Herczeg, Szilvia; Walsh, Katie; Keaney, John J; Keelan, Edward; Travers, John; Szeplaki, Gabor; Galvin, Joseph.
Afiliação
  • Herczeg S; Heart and Vascular Center, Semmelweis University, 68 Varosmajor Street, Budapest, 1122, Hungary.
  • Walsh K; Heart and Vascular Centre, Mater Private Hospital, Eccles Street, Dublin 7, Ireland.
  • Keaney JJ; Heart and Vascular Centre, Mater Private Hospital, Eccles Street, Dublin 7, Ireland.
  • Keelan E; Heart and Vascular Centre, Mater Private Hospital, Eccles Street, Dublin 7, Ireland.
  • Travers J; Heart and Vascular Centre, Mater Private Hospital, Eccles Street, Dublin 7, Ireland.
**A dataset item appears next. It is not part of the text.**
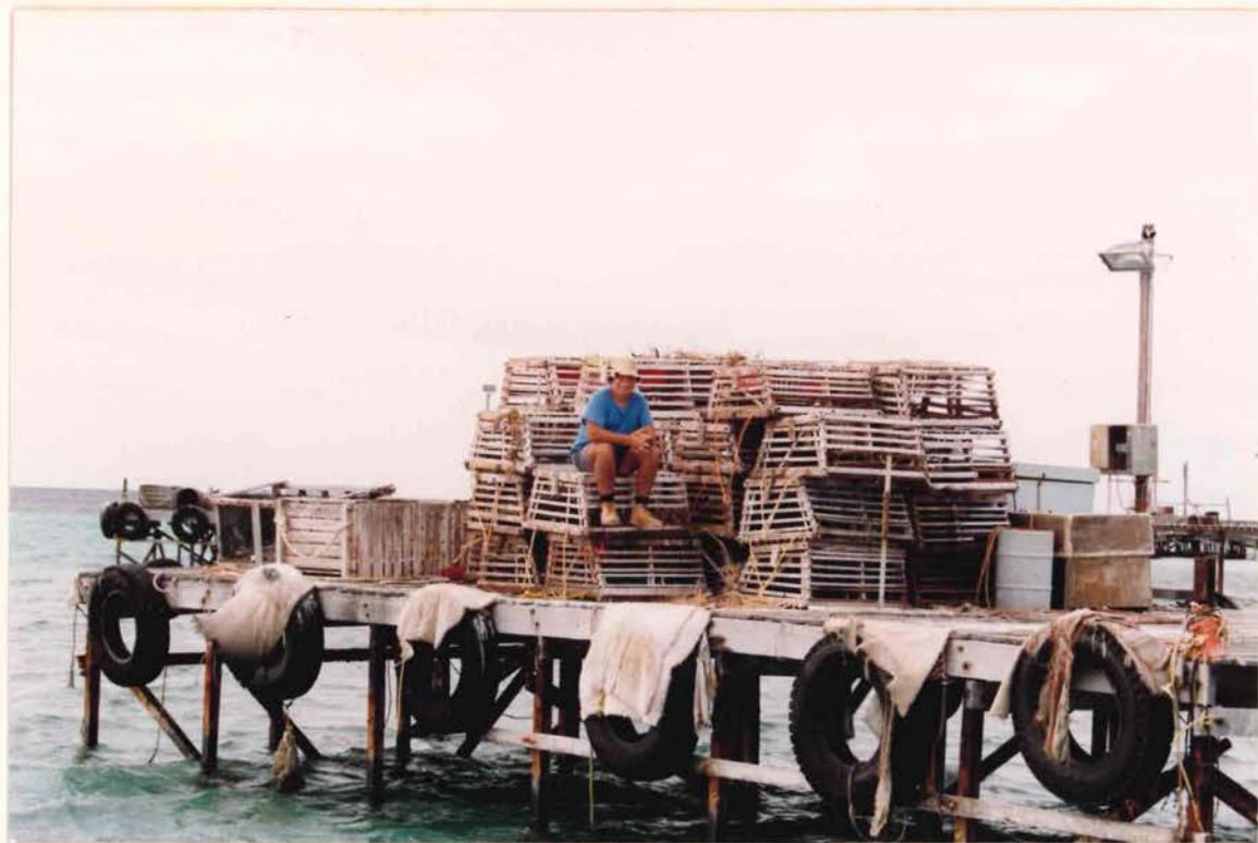
Phil waited for the lobster boats to come in...

  • Szeplaki G; Heart and Vascular Centre, Mater Private Hospital, Eccles Street, Dublin 7, Ireland.
  • Galvin J; Heart and Vascular Centre, Mater Private Hospital, Eccles Street, Dublin 7, Ireland. jgalvin@materprivate.ie.
J Interv Card Electrophysiol ; 59(1): 5-12, 2020 Oct.
Article em En | MEDLINE | ID: mdl-31165967
PURPOSE: Left atrial (LA) fibrosis plays an important role in the pathogenesis and perpetuation of atrial fibrillation (AF). It may be identified by bipolar voltage (BiV) mapping, but quantification of fibrosis which previously relied on visual estimation of scar has been shown to be inaccurate. Our aim was to use a novel automated voltage histogram analysis (VHA) tool to quantify LA scar burden accurately in patients with AF. METHODS: LA voltage was assessed in 100 consecutive patients undergoing first pulmonary vein isolation (PVI) for paroxysmal or persistent AF using a circular multielectrode catheter to create high-density LA BiV maps which were analysed using the VHA tool after the procedure. RESULTS: High-density electro-anatomic maps took 10 min to create and contained a median of 1049 points. The VHA algorithm accurately quantified the burden of Diseased LA Tissue (≤ 0.5 mV) and Dense LA Scar (≤ 0.2 mV) with a median of 17.8% and 3.5% respectively. A quartile classification was applied based on diseased LA tissue burden. Patients in class IV with the highest diseased LA burden were older (p < 0.0001), more likely female (p = 0.0095), had higher CHA2DS2-VASc scores (p = 0.0024) and were more likely to have persistent rather than paroxysmal AF (p = 0.0179) than those in classes I-III. CONCLUSIONS: The VHA algorithm is able to quantify percentage surface area voltage rapidly and according to preset ranges for the first time. The algorithm offers the potential for classification of patients undergoing AF ablation into different classes of diseased LA burden, which may have diagnostic, therapeutic and prognostic implications.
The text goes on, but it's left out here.